--- EXERCISE MATERIALS ---
= = = = = = =

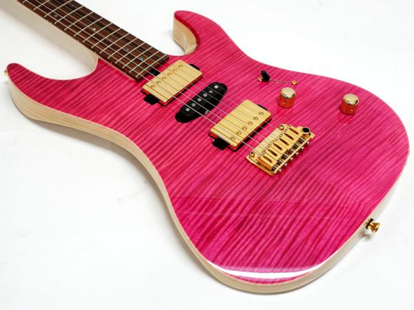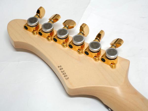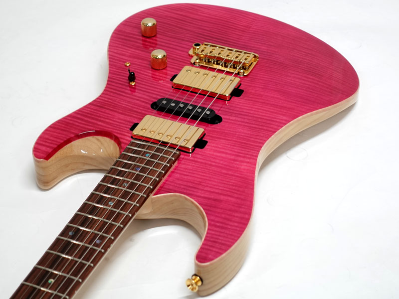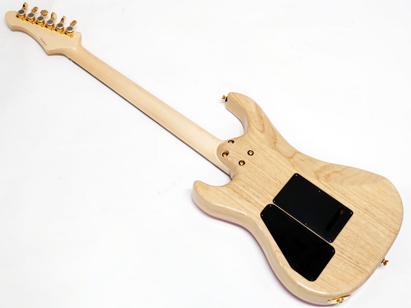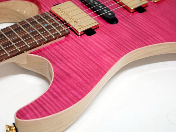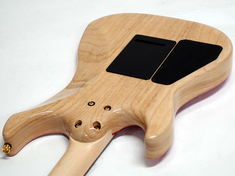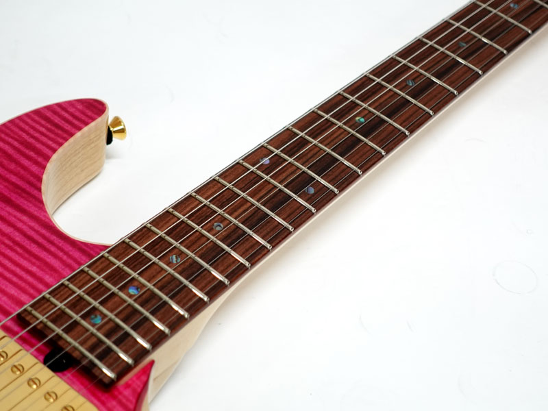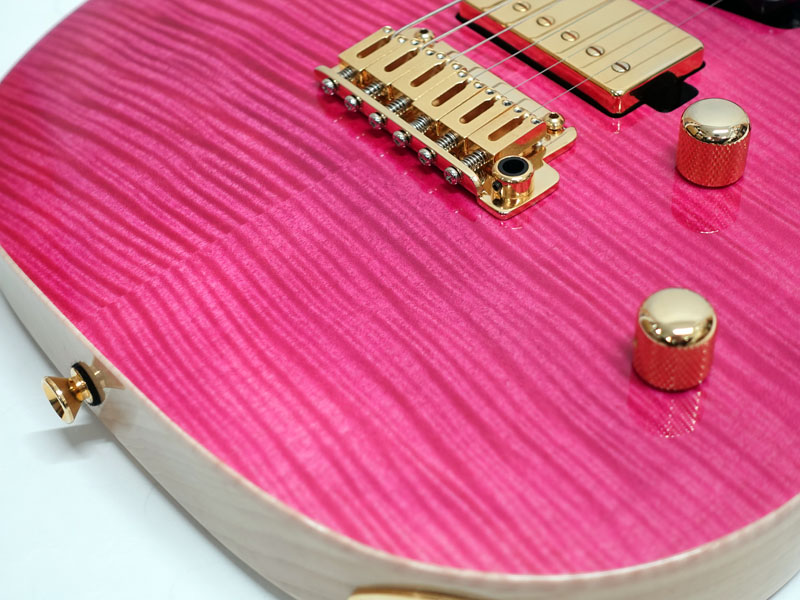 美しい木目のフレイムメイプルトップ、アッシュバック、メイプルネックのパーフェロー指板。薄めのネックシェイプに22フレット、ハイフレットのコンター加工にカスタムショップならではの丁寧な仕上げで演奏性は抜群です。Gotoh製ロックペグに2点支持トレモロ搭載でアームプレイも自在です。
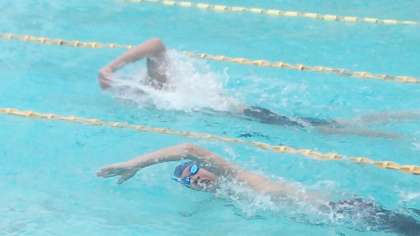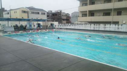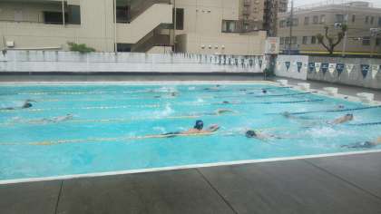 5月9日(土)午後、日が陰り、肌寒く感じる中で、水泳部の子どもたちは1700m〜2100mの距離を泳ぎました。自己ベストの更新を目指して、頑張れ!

= = = = = = =

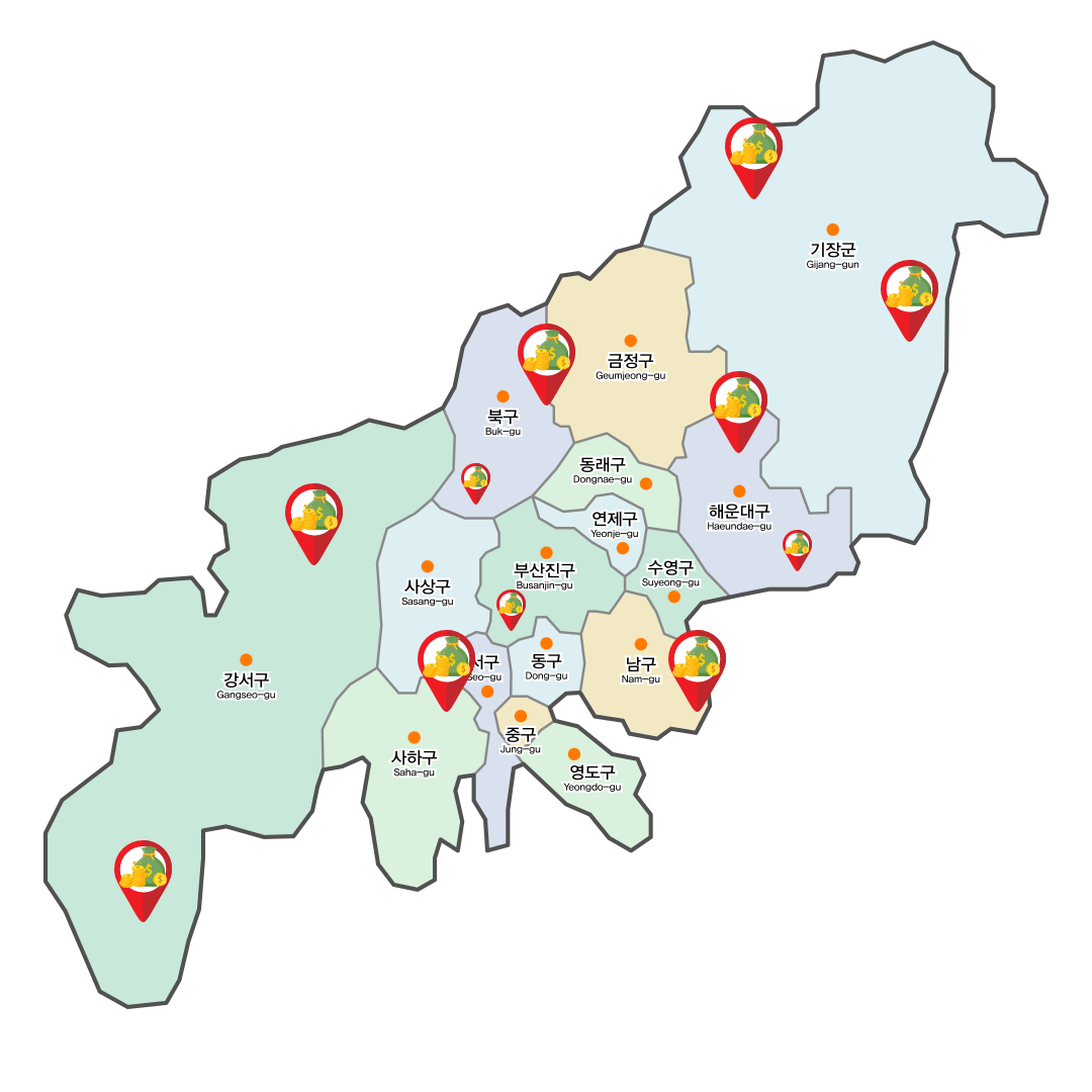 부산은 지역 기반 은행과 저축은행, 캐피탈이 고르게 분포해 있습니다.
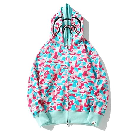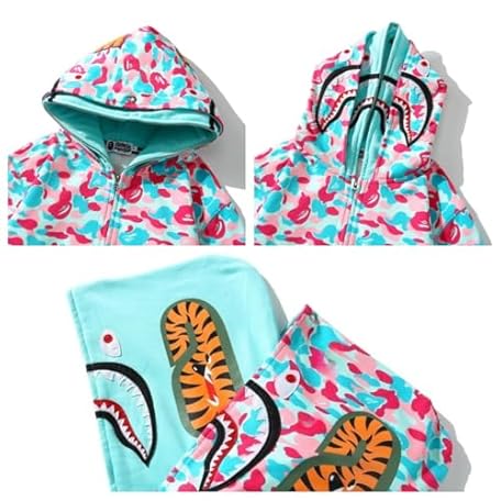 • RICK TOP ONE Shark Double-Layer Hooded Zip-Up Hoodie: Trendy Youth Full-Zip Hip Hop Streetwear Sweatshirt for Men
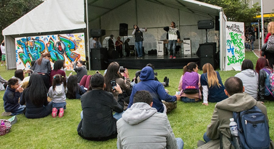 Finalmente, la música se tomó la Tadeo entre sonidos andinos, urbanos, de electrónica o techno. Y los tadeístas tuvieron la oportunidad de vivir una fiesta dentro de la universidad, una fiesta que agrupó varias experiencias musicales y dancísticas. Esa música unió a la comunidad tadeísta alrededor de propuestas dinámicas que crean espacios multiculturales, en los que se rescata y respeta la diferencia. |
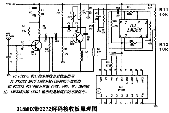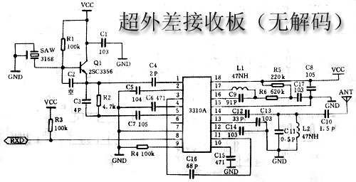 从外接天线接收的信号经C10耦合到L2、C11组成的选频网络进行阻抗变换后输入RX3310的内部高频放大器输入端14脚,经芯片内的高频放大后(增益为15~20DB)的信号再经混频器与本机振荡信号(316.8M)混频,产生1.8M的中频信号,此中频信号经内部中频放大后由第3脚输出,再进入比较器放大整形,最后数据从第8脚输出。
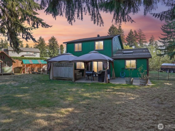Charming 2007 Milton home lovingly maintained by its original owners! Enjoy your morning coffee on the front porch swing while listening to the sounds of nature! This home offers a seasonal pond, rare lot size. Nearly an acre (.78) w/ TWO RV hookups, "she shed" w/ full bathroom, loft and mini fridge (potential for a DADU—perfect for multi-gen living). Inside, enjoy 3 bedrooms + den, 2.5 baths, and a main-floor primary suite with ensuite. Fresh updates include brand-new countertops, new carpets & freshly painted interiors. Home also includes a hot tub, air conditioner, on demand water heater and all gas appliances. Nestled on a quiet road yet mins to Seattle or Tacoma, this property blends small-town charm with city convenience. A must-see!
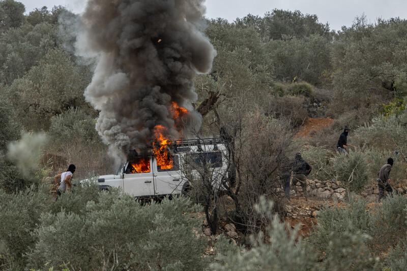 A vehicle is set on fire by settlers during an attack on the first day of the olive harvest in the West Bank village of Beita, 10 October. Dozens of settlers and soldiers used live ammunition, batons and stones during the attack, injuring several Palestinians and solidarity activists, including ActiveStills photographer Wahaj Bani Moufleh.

= = = = = = =

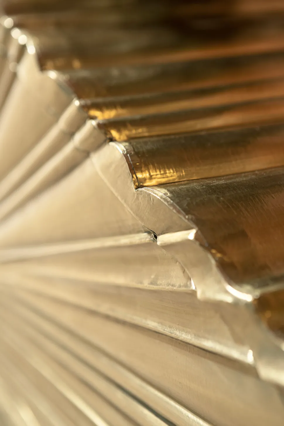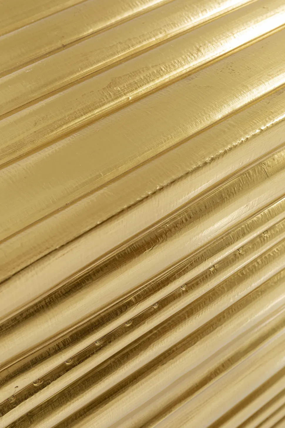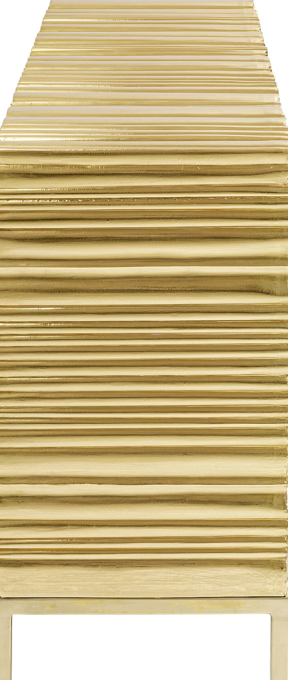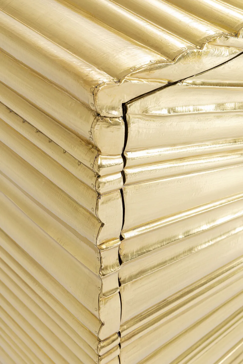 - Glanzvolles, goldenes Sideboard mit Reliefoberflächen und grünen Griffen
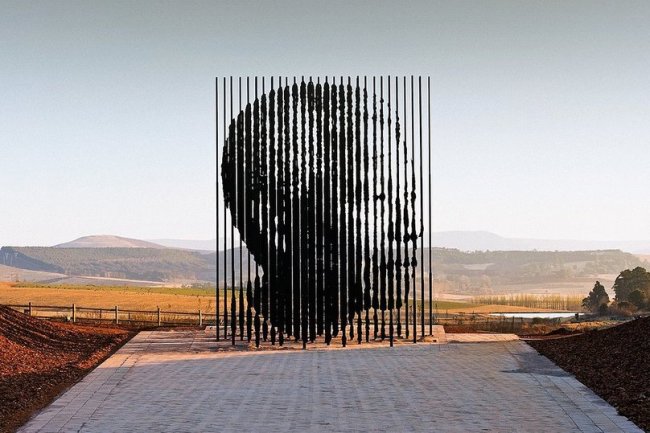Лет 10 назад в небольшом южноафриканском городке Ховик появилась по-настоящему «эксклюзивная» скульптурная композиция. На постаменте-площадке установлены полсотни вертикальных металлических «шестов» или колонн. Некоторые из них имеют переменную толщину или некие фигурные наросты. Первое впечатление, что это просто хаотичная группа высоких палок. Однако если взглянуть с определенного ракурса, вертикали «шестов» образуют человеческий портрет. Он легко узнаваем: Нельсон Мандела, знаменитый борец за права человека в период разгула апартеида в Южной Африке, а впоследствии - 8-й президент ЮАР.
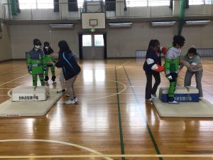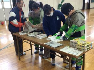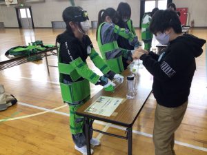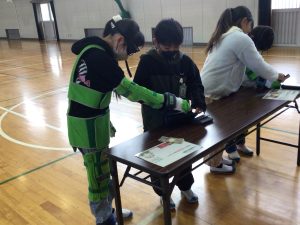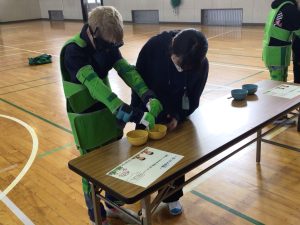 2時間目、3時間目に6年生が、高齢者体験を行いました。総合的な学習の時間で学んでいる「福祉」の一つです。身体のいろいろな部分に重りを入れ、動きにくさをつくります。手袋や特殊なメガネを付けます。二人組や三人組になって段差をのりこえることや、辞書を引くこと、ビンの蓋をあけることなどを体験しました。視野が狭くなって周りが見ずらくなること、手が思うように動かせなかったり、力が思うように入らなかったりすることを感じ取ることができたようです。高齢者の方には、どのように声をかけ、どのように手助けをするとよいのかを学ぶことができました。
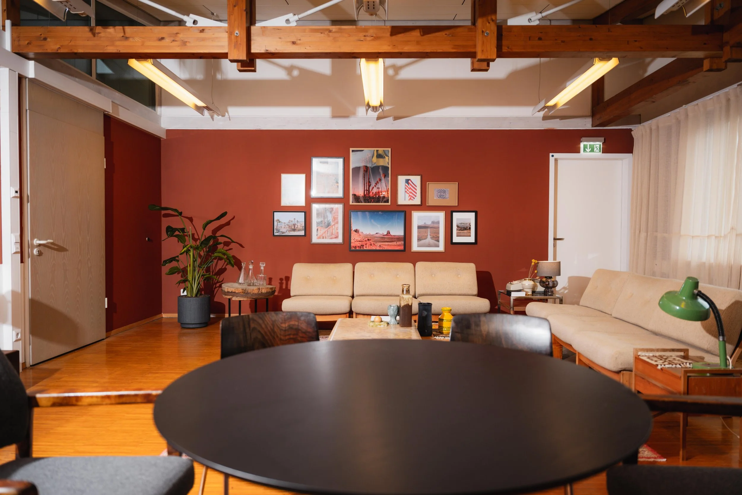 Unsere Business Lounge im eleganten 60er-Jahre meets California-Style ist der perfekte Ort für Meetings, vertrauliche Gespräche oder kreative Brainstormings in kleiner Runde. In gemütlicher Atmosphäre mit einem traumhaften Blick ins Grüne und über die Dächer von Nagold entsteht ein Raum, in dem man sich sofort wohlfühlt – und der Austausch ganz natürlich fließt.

= = = = = = =

--- EXERCISE BRIEF ---
Starting at the line with "美しい木目のフレイムメイプル" and finishing at the line with "5月9日(土)午後、日が陰り", copy the material above exactly, both lines included. Nothing else goes in, and no pictures.

--- WRITTEN REPLY ---
 美しい木目のフレイムメイプルトップ、アッシュバック、メイプルネックのパーフェロー指板。薄めのネックシェイプに22フレット、ハイフレットのコンター加工にカスタムショップならではの丁寧な仕上げで演奏性は抜群です。Gotoh製ロックペグに2点支持トレモロ搭載でアームプレイも自在です。
 5月9日(土)午後、日が陰り、肌寒く感じる中で、水泳部の子どもたちは1700m〜2100mの距離を泳ぎました。自己ベストの更新を目指して、頑張れ!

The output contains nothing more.